A partire da tali risultati sono stati quindi individuati gli organismi per i quali la dose assorbita è massima: licheni e briofite in tutti i casi e mammiferi di grandi dimensioni per il 40K. Tali valori sono stati utilizzati per calcolare gli Operational Level (OL), valori massimi di concentrazione di attività al di sotto dei quali non vi è rischio di comparsa di effetti avversi per il biota, ottenuti dal rapporto tra il valore di screening e la dose limitante.

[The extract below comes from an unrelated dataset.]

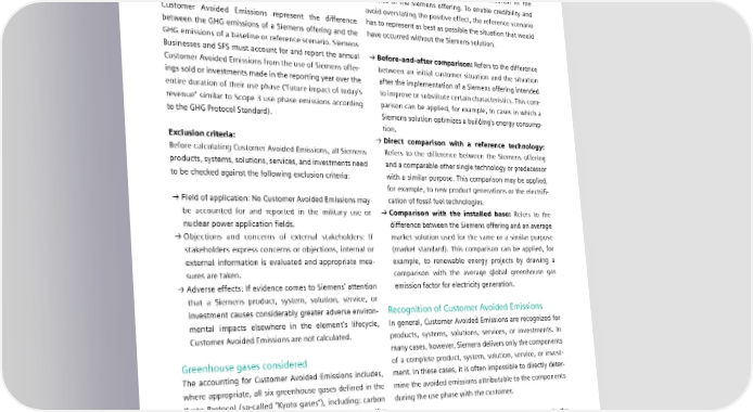 7.2 Reporting principles for Customer Avoided Emissions Accounting for Customer Avoided Emissions Baseline methodology All Siemens Businesses and SFS are required to report the The baseline methodology defined in the guideline refers to Customer Avoided Emissions for all products, systems, solu- the comparison of a Siemens product, system, solution, tions, services, or investments that lead to the avoidance of service, or investment with a reference situation in the GHG emissions during the customer use phase. absence of the Siemens offering. To enable credibility and avoid overstating the positive effect, the reference scenario Customer Avoided Emissions represent the difference has to represent as best as possible the situation that would between the GHG emissions of a Siemens offering and the have occurred without the Siemens solution. GHG emissions of a baseline or reference scenario. Siemens Businesses and SFS must account for and report the annual → Beforeandafter comparison: Refers to the difference Customer Avoided Emissions from the use of Siemens offer- between an initial customer situation and the situation ings sold or investments made in the reporting year over the after the implementation of a Siemens offering intended entire duration of their use phase (“future impact of today’s to improve or substitute certain characteristics. This com- revenue” similar to Scope 3 use phase emissions according parison can be applied, for example, to cases in which a to the GHG Protocol Standard). Siemens solution optimizes a building’s energy consump- tion. Exclusion criteria: → Direct comparison with a reference technology: Before calculating Customer Avoided Emissions, all Siemens Refers to the difference between the Siemens offering products, systems, solutions, services, and investments need and a comparable other single technology or predecessor to be checked against the following exclusion criteria: with a similar purpose. This comparison may be applied, for example, to new product generations or the electrifi- → Field of application: No Customer Avoided Emissions may cation of fossil fuel technologies. be accounted for and reported in the military use or → Comparison with the installed base: Refers to the nuclear power application fields. difference between the Siemens offering and an average → Objections and concerns of external stakeholders: If market solution used for the same or a similar purpose stakeholders express concerns or objections, internal or (market standard). This comparison can be applied, for - external information is evaluated and appropriate mea example, to renewable energy projects by drawing a sures are taken. comparison with the average global greenhouse gas → Adverse effects: If evidence comes to Siemens’ attention emission factor for electricity generation. that a Siemens product, system, solution, service, or investment causes considerably greater adverse environ- Recognition of Customer Avoided Emissions mental impacts elsewhere in the element’s lifecycle, In general, Customer Avoided Emissions are recognized for Customer Avoided Emissions are not calculated. products, systems, solutions, services, or investments. In many cases, however, Siemens delivers only the components Greenhouse gases considered of a complete product, system, solution, service, or invest- The accounting for Customer Avoided Emissions includes, ment. In these cases, it is often impossible to directly deter- where appropriate, all six greenhouse gases defined in the mine the avoided emissions attributable to the components Kyoto Protocol (so-called “Kyoto gases”), including: carbon during the use phase with the customer. dioxide (CO2), methane (CH4), nitrous oxide (N2O), sulfur hexafluoride (SF ), hydrofluorocarbons (HFCs), and perfluo- Therefore, Siemens Businesses and SFS need to apply the 6 rocarbons (PFCs). following rules when accounting for and reporting Customer Avoided Emissions: To assess the relevance of GHG emissions other than CO2, they are converted into metric tons of CO equivalents → Siemens supplies the entire product, system, solution, 2 (CO2e). This number is based on the global warming potential service, or investment: Siemens accounts for 100% of the over 100 years of the respective greenhouse gas compared Customer Avoided Emissions during the customer use to the global warming potential of CO . phase. 2 SIEMENS SUSTAINABILITY REPORT 2023 129

La stessa procedura è stata eseguita utilizzando il software RESRAD ONSITE per la valutazione di dose all’uomo. Sono state calcolate le dosi efficaci per lavoratori ed individui rappresentativi (infante, 1 anno, 5 anni, 10 anni, 15 anni, adulto). L’individuo limitante è risultato essere l’infante per tutti i radionuclidi, esclusi 210Po (1 anno) e 232Th (15 anni). Considerando il livello di allontanamento pari a 1 𝑚𝑆𝑣/𝑦 per il lavoratore, sono stati calcolati gli OL per l’uomo (OLU). Confrontandoli con quelli ottenuti per il biota (OLB), questi ultimi relativamente ai radionuclidi Unat, 210Po e 228Th sono inferiori anche di un ordine di grandezza. Ciò ha evidenziato la criticità di considerare i soli OLU come strumenti per la valutazione del rischio, come è prassi, trascurando completamente la tutela dell’ecosistema, che è tra gli obiettivi principali delle attuali politiche economiche europee.

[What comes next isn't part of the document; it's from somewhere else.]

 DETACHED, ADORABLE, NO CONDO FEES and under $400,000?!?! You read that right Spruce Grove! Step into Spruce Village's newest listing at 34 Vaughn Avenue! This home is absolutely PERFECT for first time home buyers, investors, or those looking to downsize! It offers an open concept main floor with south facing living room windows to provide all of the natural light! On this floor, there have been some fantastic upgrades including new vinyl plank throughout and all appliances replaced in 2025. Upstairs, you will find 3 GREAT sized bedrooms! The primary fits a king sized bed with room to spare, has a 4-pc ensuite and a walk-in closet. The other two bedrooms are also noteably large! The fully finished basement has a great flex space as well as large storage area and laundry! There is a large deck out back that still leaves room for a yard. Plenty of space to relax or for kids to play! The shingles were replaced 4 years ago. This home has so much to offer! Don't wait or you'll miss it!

Abbiamo pertanto elaborato e proposto un modello integrato di risk management che preveda un’integrazione degli OLU con gli OLB per i tre radionuclidi di interesse, così da garantire la radioprotezione sia per l’uomo che per il biota.
Ringrazio nuovamente l’Ordine per il premio conferitomi e, soprattutto, per l’impegno nel supporto all’affermazione delle donne nella scienza. Sapere che c’è chi si preoccupa che tutti abbiano pari opportunità rincuora e incoraggia ad andare avanti.